= Gareth Stansfield =

British academic (born 1973)

Gareth Robert Vincent Stansfield (born 26 October 1973) is a British political scientist who is Professor of Middle East Politics and Pro-Vice-Chancellor and Executive Dean of the Faculty of Humanities, Arts, and Social Sciences at Exeter University. He was Executive Dean of the faculty most affected by the university's 2026 redundancy proposals, which drew opposition from the University and College Union and several learned societies.

==Early life and education==
Stansfield was educated at Hulme Grammar School, followed by Durham University, where he read Geography and was awarded the W A Moyes Prize. He completed an MA in Middle East Politics and a PhD at the same institution.

==Career==
Stansfield joined Exeter University as a Research Fellow in 2002.
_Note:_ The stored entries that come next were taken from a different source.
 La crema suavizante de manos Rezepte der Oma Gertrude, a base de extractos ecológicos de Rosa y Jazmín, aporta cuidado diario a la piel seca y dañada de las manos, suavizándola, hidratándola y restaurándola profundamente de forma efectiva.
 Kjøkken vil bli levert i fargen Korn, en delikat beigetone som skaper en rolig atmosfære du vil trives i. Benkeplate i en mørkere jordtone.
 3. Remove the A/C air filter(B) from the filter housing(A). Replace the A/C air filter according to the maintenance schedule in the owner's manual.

Stansfield was Pro-Vice-Chancellor and Executive Dean of the Faculty of Humanities, Arts and Social Sciences when, in June 2026, the University of Exeter proposed a programme of compulsory redundancies equivalent to around 150 full-time posts. The Exeter branch of the University and College Union said the proposals placed more than 500 staff at risk and jeopardised 85% of the faculty, and declared a formal trade dispute in July 2026 following a near-unanimous vote at an emergency branch meeting attended by more than 700 members. A UCU petition described the announcement as a "stunning failure of leadership" by the university's senior management and governance, and the branch said it would move votes of no confidence in the Vice-Chancellor, University Executive Board and Council.
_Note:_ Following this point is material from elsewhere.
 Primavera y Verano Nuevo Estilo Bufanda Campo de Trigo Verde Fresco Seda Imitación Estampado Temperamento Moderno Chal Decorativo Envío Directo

Stansfield was among the senior figures addressed in open letters from learned societies, including the British Sociological Association, which urged the university's leadership to explore every available alternative before proceeding, and the Council of University Classical Departments, which expressed concern and dismay at the proposals.

In 2004, he co-wrote The Future of Iraq: Dictatorship, Democracy or Division? with Liam Anderson.

He has been critical of Turkish policy in Syria.

Stansfield was appointed Officer of the Order of the British Empire (OBE) in the 2024 New Year Honours for services to UK interests in Iraq.